Source records:
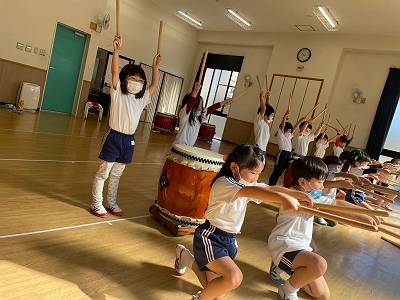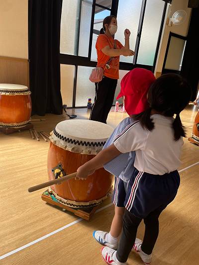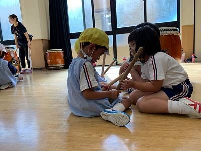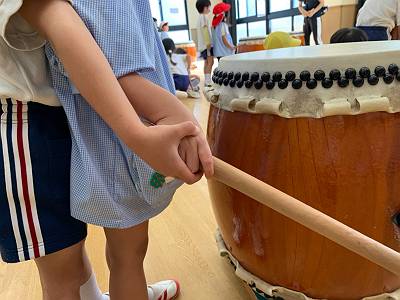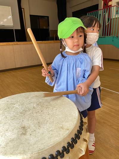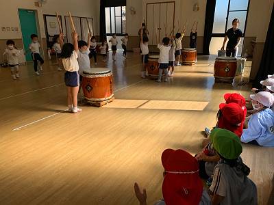 幼稚園中に和太鼓の大きな音が響き渡ります
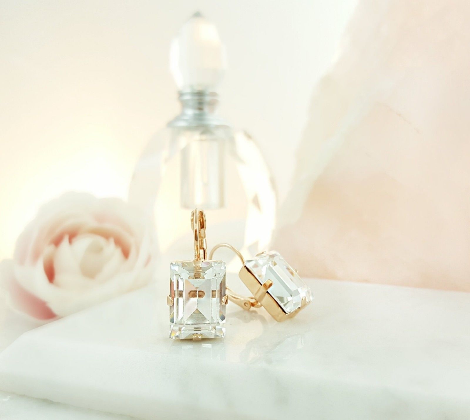 2ct Emerald Cut Diamond Classy Solitaire Drop Earrings 14k Yellow Gold Finish
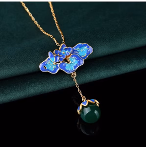 Be the first to review “Chinese blue pendant light luxury enamel high sense necklace”
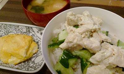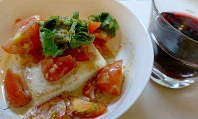 昨日の夕食の一品目は、豆腐&トマト&大葉のサラダ。
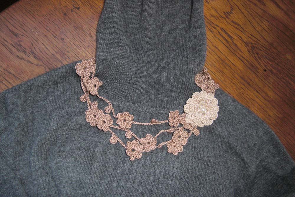 ※写真は130cmの花のラリエットと直径5cmの花のブローチです。

Work required: Both the line containing "昨日の夕食の一品目は、豆腐&トマト&大葉のサラダ。" and the last line of the records above belong in the exact copy, along with every line between them; pictures do not.

Response:
 昨日の夕食の一品目は、豆腐&トマト&大葉のサラダ。
 ※写真は130cmの花のラリエットと直径5cmの花のブローチです。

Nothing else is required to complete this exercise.